Attacks where the end device has to do nothing but be on exist for all of them, iOS, Windows, Linux, etc ALL OF THEM.

Think about it like this. The virus is doing the equivalent of getting a person who watched house a couple times to perform brain and heart surgery at once by giving them phone instructions.

However the virus is from the Scottish Highlands, and the number they call can be picked up by someone from China, Istanbul, the Ozarks etc.

So assume basic things (drawing a website, playing a sound) are like HELLO, THANK YOU, GOOD BYE.

Even if it’s not perfect, literally everyone on earth understands those words.

Unless the virus finds a user or computer from that same village in Scotland (operating system version, patch level, installed software) it’s not going to work at all, or be ineffective. (Which has happened a lot, where badly coded viruses failed)

Usually large scale break ins involve some kinda of reconnaissance ( what kind of computers, what models, what operating systems etc) so that the virus can be trained up on the “languages”, needed to get them to work properly

Things you get when you visit websites tend to be targeted to the largest install base the attacker wants.
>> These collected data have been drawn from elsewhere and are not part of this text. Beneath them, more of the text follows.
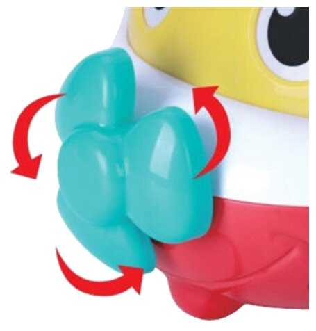Глазки и пропеллер крутятся, задний отсек открывается. Поет, разговаривает. Когда закидываете фигуру внутрь - голосом говорит, как она называется ("квадрат", "треугольник" и т.д.). Песенки внутри не избитые, сильно не бесят :)
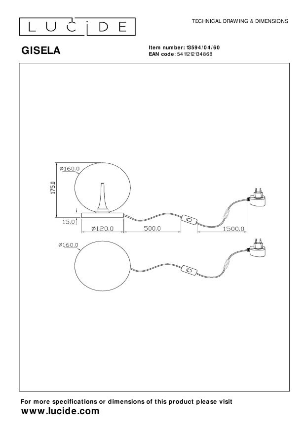 Specifications Lucide GISELA - Table lamp - Ø 16 cm - LED Dimb. - 1x5W 2700K - Transparent:
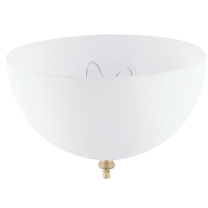 It's easier than changing a light bulb. Create a fixture just about anywhere with this acrylic white dome clip-on shade. The durable white acrylic goes well with most decors and filters soft light. The shade features a small brass finial at the bottom for a charming accent.
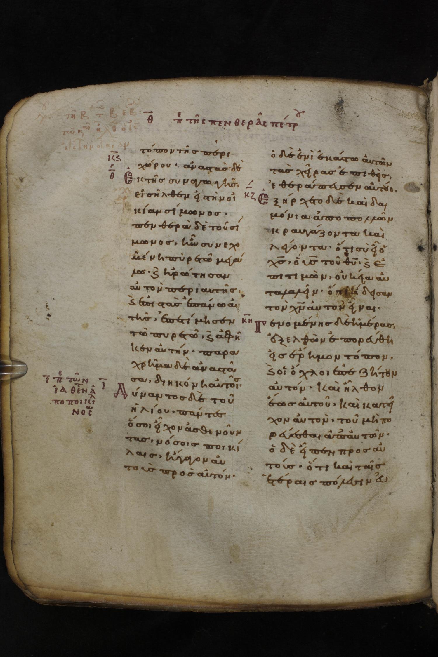 Eleventh century minuscule of the Gospels on parchment; 266 leaves, 2 column, 22 lines per column. Images were taken at the National Library of Greece in Athens.
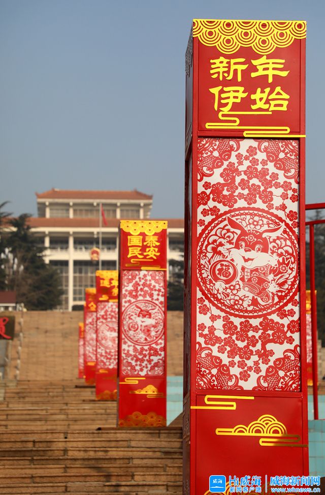 ??????春節臨近,威海市園林部門工作人員開始布置市人民廣場立體景觀,營造喜慶的節日氛圍。
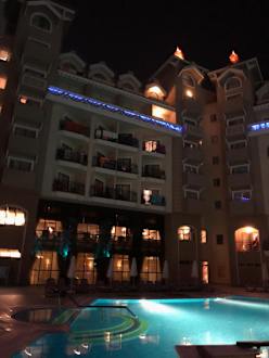 AußenansichtHier der Blick vom Pool zum Hotel. Abends ein wunderschöner Anblick. Als kleiner Tipp: für Familien mit relativ jungen Kindern die eventuell auch noch Mittagsschlaf machen , ist diese Seite nicht empfehlenswert, hier ist es nur nachts leise.
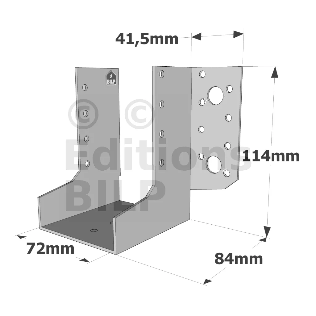- Robustesse et épaisseur : Fabriqués en acier galvanisé, ces sabots à ailes extérieures classiques sont extrêmement résistants à la corrosion et offrent une épaisseur adaptée pour supporter des charges lourdes.
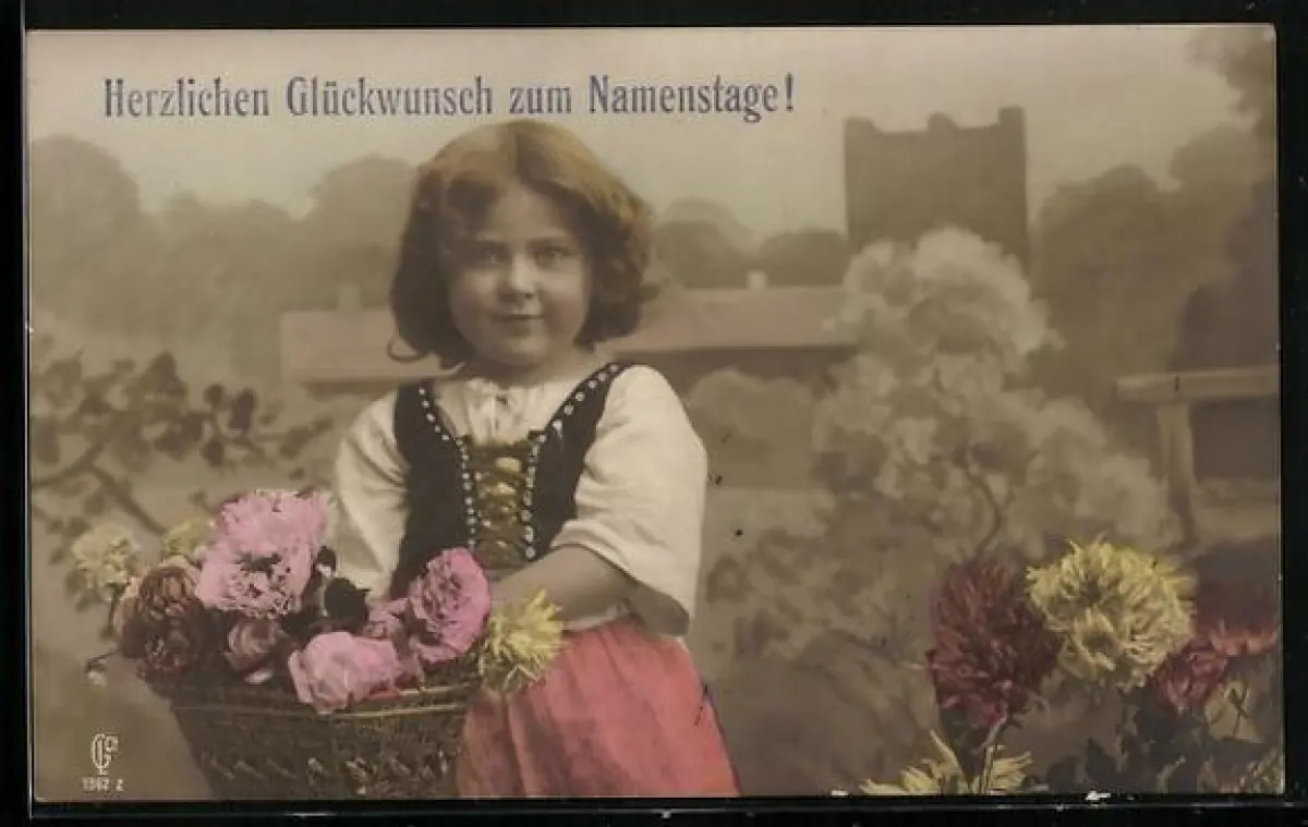 Foto-AK GL Co Nr. 1362/2: Mädchen mit Blumenkorb, Namenstag

So you aren’t really going to find a whole bunch of exploits for different kinds of computers on a hacked page because the juice isn’t worth the squeeze.

Mobile stuff tends to be more information gathering (don’t let the person know you’re there)

Computer stuff is usually, steal and leave, or destroy and extort.

Etc etc

In simple words, mobile systems are based on computer operating systems which for decades were marginally popular. Viruses were all this time aiming at most popular operating systems, which all the time was one or another Windows from Microsoft, which luckily for them had a lot of vulnerabilities to exploit. Meanwhile these other systems, already based on better solutions and less vulnerable, were developed and improved in a virus-aware manner, to be almost airtight against viruses.

So when the popularity focus moved from PC to mobile devices, it was much better prepared.

You can, they’re just not as common.

Phones have more locked down program permissions, and apps come from restricted sources. That covers the very vast majority of casual security risks most people will encounter.

But there are *absolutely* means to infect a mobile device with a virus, they just take more effort on the part of the attacker.

One part not being talked about much is the concept of an immutable operating system. There’s some experiments with desktop and server immutable operating systems and Ubuntu touch is a mobile version of Ubuntu with this concept.